Dynamics of mitochondrial heteroplasmy in three families investigated via a repeatable re-sequencing study

Abstract

Background: Originally believed to be a rare phenomenon, heteroplasmy - the presence of more than one mitochondrial DNA (mtDNA) variant within a cell, tissue, or individual - is emerging as an important component of eukaryotic genetic diversity. Heteroplasmies can be used as genetic markers in applications ranging from forensics to cancer diagnostics. Yet the frequency of heteroplasmic alleles may vary from generation to generation due to the bottleneck occurring during oogenesis. Therefore, to understand the alterations in allele frequencies at heteroplasmic sites, it is of critical importance to investigate the dynamics of maternal mtDNA transmission.

Results: Here we sequenced, at high coverage, mtDNA from blood and buccal tissues of nine individuals from three families with a total of six maternal transmission events. Using simulations and re-sequencing of clonal DNA, we devised a set of criteria for detecting polymorphic sites in heterogeneous genetic samples that is resistant to the noise originating from massively parallel sequencing technologies. Application of these criteria to nine human mtDNA samples revealed four heteroplasmic sites.

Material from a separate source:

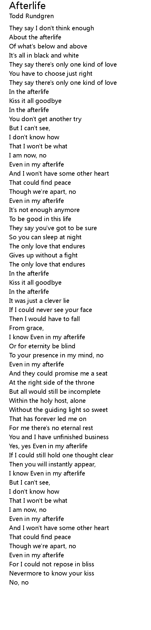 I know Even in my afterlife |

Conclusions: Our results suggest that the incidence of heteroplasmy may be lower than estimated in some other recent re-sequencing studies, and that mtDNA allelic frequencies differ significantly both between tissues of the same individual and between a mother and her offspring. We designed our study in such a way that the complete analysis described here can be repeated by anyone either at our site or directly on the Amazon Cloud. Our computational pipeline can be easily modified to accommodate other applications, such as viral re-sequencing.

Figure 1

Individuals and samples used in the study. Numbers in parenthesis are the age of each individual; the number at the bottom of each table is count of sequencing reads.

Figure 2

False positive and false negative rates computed from simulation assuming 1,170× coverage. A Python script used to generate these results can be found in Additional file 3.

Figure 3

A representation of all differences found between each sequenced individual and the reference human mtDNA from genome build hg19. The colored bars (blue = A, green = C, orange = G, red = T) represent the frequency of a given allele in each sample. For example, at position 8,992 one can clearly see a heteroplasmy with two high frequency alleles C and T. Lines on top of the image represent location and orientation of mitochondrial genes. F1 = Family F4, F2 = Family F7, F3 = Family F11.

Figure 4

Reads aligning around the low complexity region 16,184 to 16,190. Set A: a set of random reads aligning across the region with no quality filtering performed. Set B: bridging reads; these were selected by requiring the low complexity region (positions 16,184 to 16,190) to be in the middle of the read. Set C: high quality reads containing indels; these were required to align across positions 16,184 to 16,190 and contain ten aligning high quality bases (phred value of 30 or higher) on each side of the indel.

Figure 5

Workflow for finding heteroplasmic sites from Illumina data. This workflow can be accessed, used, and edited at [18].